The flattened shape, low-to-the-ground profile, and tough exoskeleton of the diabolical ironclad beetle makes it extremely hard to crush; the structure of the procuticle allows for focused compressive forces to be distributed evenly across the beetle's body. Because of the exoskeleton's toughness, collectors find it extremely difficult to pin specimens. The beetles cannot be mounted normally; a hole must be drilled in the shell for the pin to be inserted.

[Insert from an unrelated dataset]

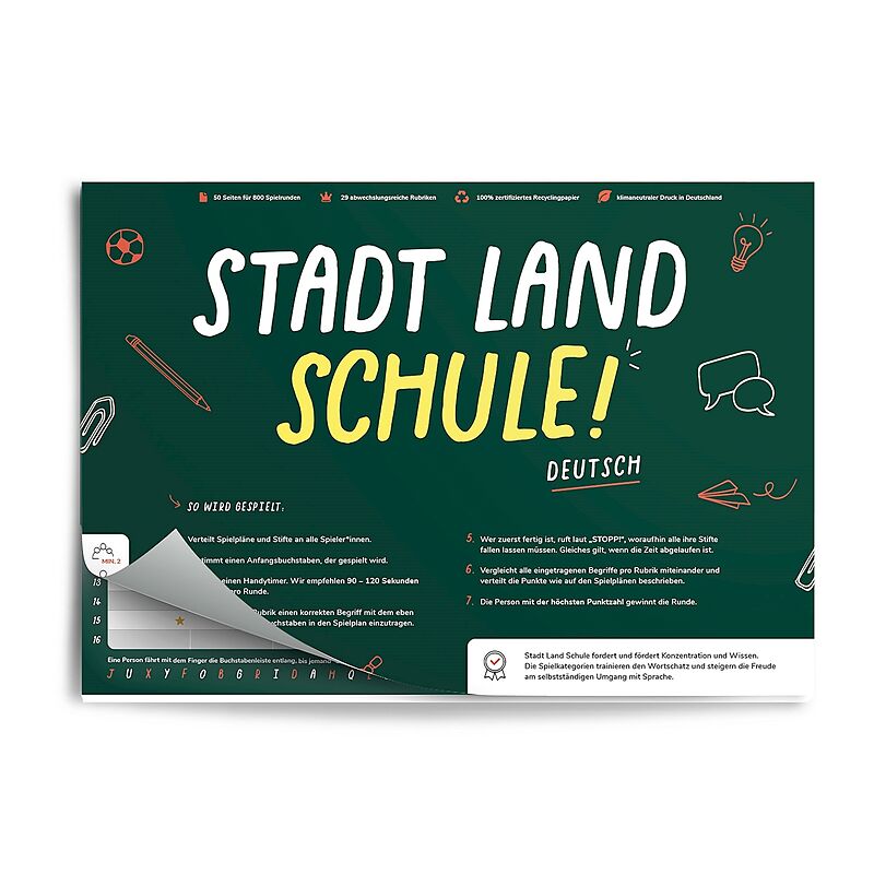 Stadt Land Schule fordert und fördert Konzentration und Wissen. Die Spielkategorien trainieren den Wortschatz und steigern die Freude am selbstständigen Umgang mit Sprache. Enthält: 1x A4 Block mit 50 Blatt.
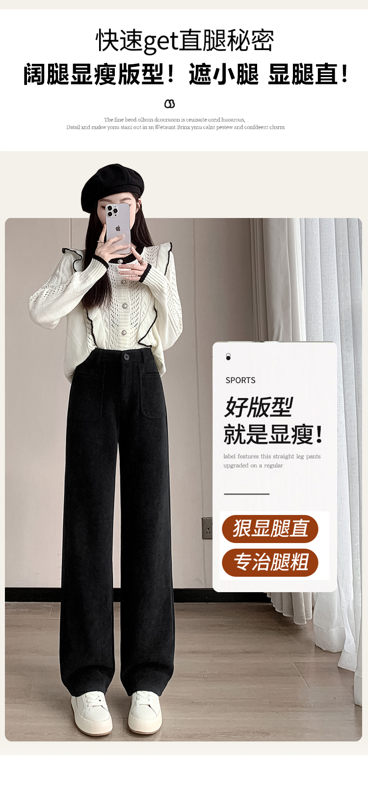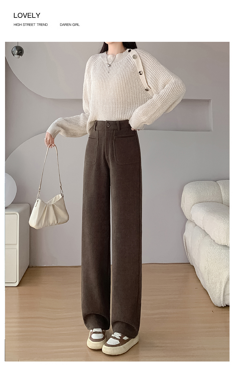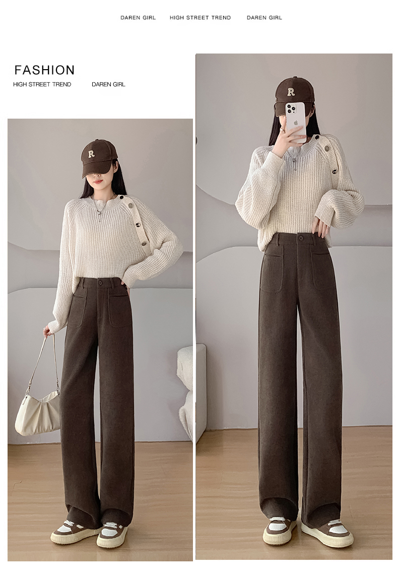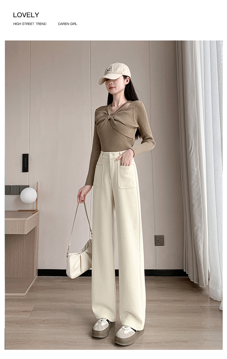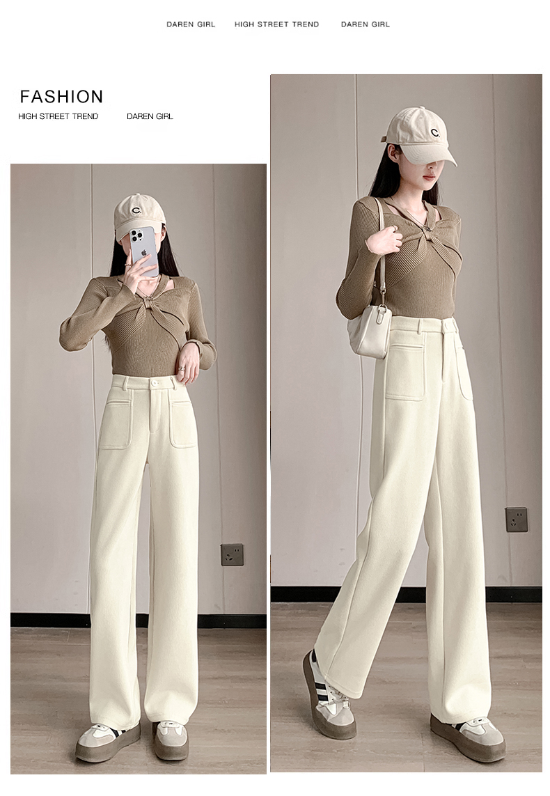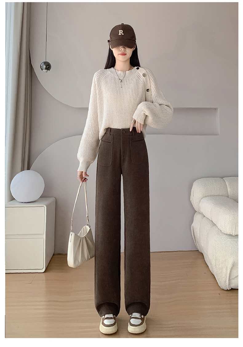 MY14561# 雪尼尔窄版阔腿裤秋冬高腰西装裤加绒灯芯绒直筒裤女裝貨源服裝批發

A jigsaw-like layering of multiple scales of different sizes, ranging from microscopic to visible sizes, provides exceptional mechanical strength to the beetle's appendages. In the beetle's procuticle, polysaccharide α-chitin combines with proteins to form fibers within each layer. These fibers spiral, creating a helicoid arrangement and forming laminated structures. This formation allows for a strong, energy-absorbent, and tolerant exoskeleton. The exoskeleton deflects, twists, and arrests crack propagation between layers. The beetle's exoskeleton is protein-rich, without the inorganic structures common in crustacean exoskeletons, and contains a thicker endocuticle than other insects.

There are two main areas that allow the skeleton to endure such forces as much as 39,000 times its own body weight. The first is the connection between the hardened elytra: they are locked in place with a zipper-like connection, which increases the exoskeleton's strength but prevents the beetle from opening its wings to fly. The back of the beetle is not interlocked in the same way, allowing the bottom halves to slide past each other, providing flexibility to absorb squishing compression. The second area is the puzzle-like design that runs the length of the back connecting the left and right side. Protrusions called blades fit together like jigsaw pieces, glued together by proteins aiding in damage resistance. The connection allows the blades to absorb impacts without snapping. This protection allows the beetle to be almost predator proof, denying most species the ability to break the shell.

The structure of its shell has inspired efforts to design similar materials and joints for use in submillimeter engineering.